# Age of mouse?



## Number1Sticky (Oct 25, 2010)

It may seem like a strange question, but I was wondering if there is a way to tell the age (estimated) of a mouse?

I got 5 mice from a breeder a month of so ago. The breeder had rescued the mom (already pregnant) from becoming snack food at a pet store. So I'm just wondering if there is anyway I can tell how old momma is.

Thanks!!!


----------



## MojoMouse (Apr 20, 2012)

The easiest way is to ask the breeder who rescued the pregnant mother. Even if no records were kept, even an approximation should be possible. Only young and sometimes elderly mice can give indications of approximate age from physical characteristics.


----------



## Number1Sticky (Oct 25, 2010)

MojoMouse said:


> The easiest way is to ask the breeder who rescued the pregnant mother. Even if no records were kept, even an approximation should be possible. Only young and sometimes elderly mice can give indications of approximate age from physical characteristics.


I did ask her and she had no idea because she was a rescue. :/ She only had her about 2 months.


----------



## MojoMouse (Apr 20, 2012)

Ok, I misread and thought you meant the babies.

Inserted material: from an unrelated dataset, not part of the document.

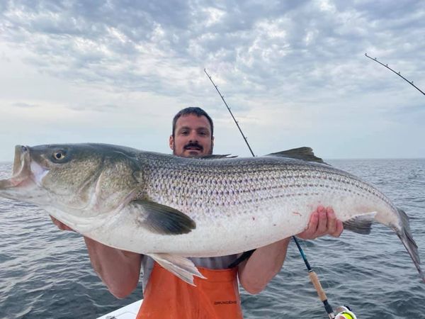 Chuck Many continued to rack up 50-pound strier releases yesterday evening on his Tyman from Highlands as he put Bob and Nikki Bowden plus Rich Carpenter into bass from 36 to 53 pounds.
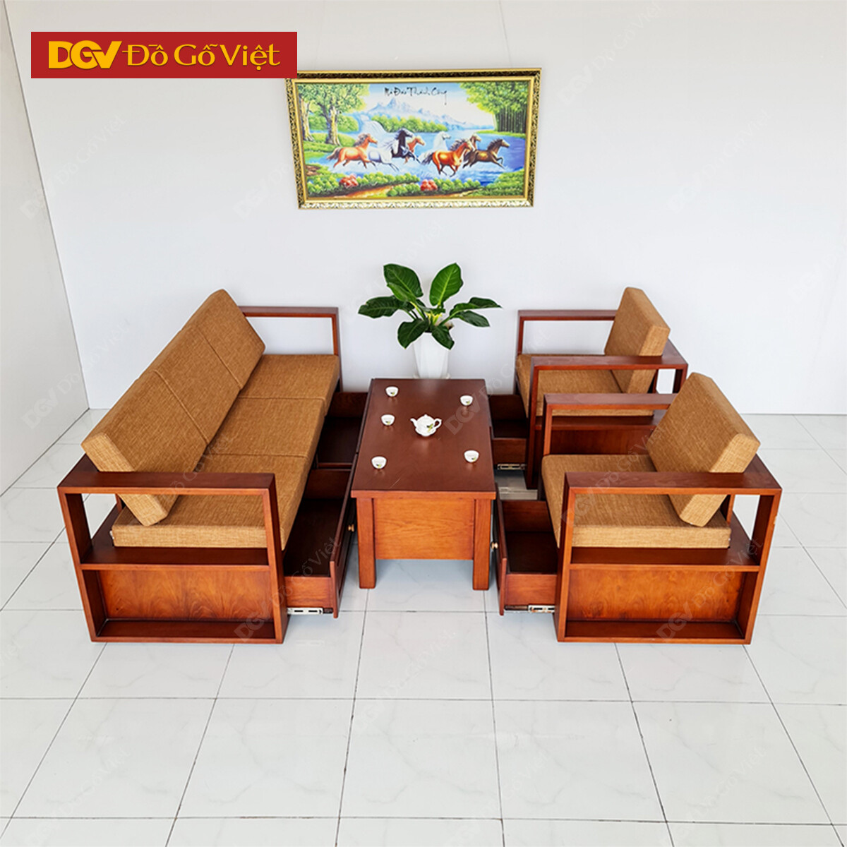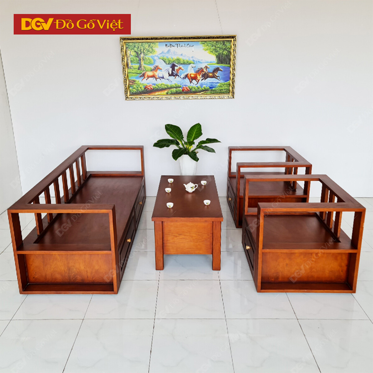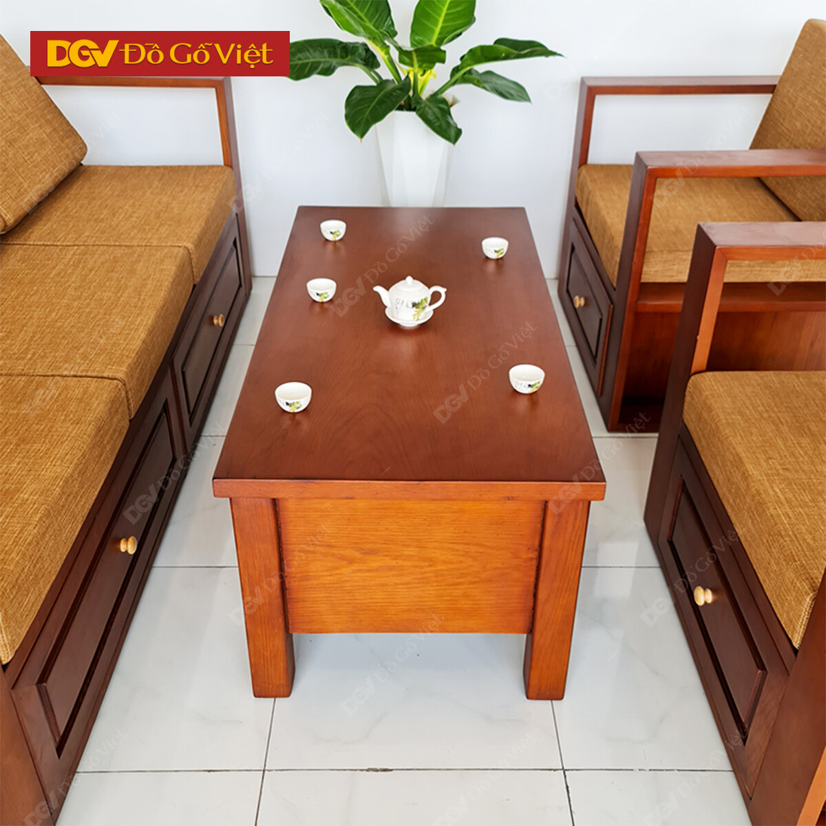 Tính tiện nghi của bộ bàn ghế gỗ sồi nga phòng khách cũng được đề cao với sự kết hợp giữa ghế ngồi, bàn trà và ngăn tủ lưu trữ. Không chỉ bên dưới mặt bàn trà có các ngăn, các giá đựng đồ đạc mà mỗi phần khung ghế cũng được tích hợp thêm những hộc tủ thông minh. Hệ thống ray trượt 3 lớp giảm chấn hiệu quả cho chuyển động êm ái và an toàn.

Could you post a pic of the mother that you want the age identified? I'm not sure this would help a lot, though it may if she's very young or very old. Breeding capability isn't much of a guide as does can breed for most of their adult life. Good breeders don't overbreed though because it takes too much of a toll, and the offspring of an overbred mouse can be poor.


----------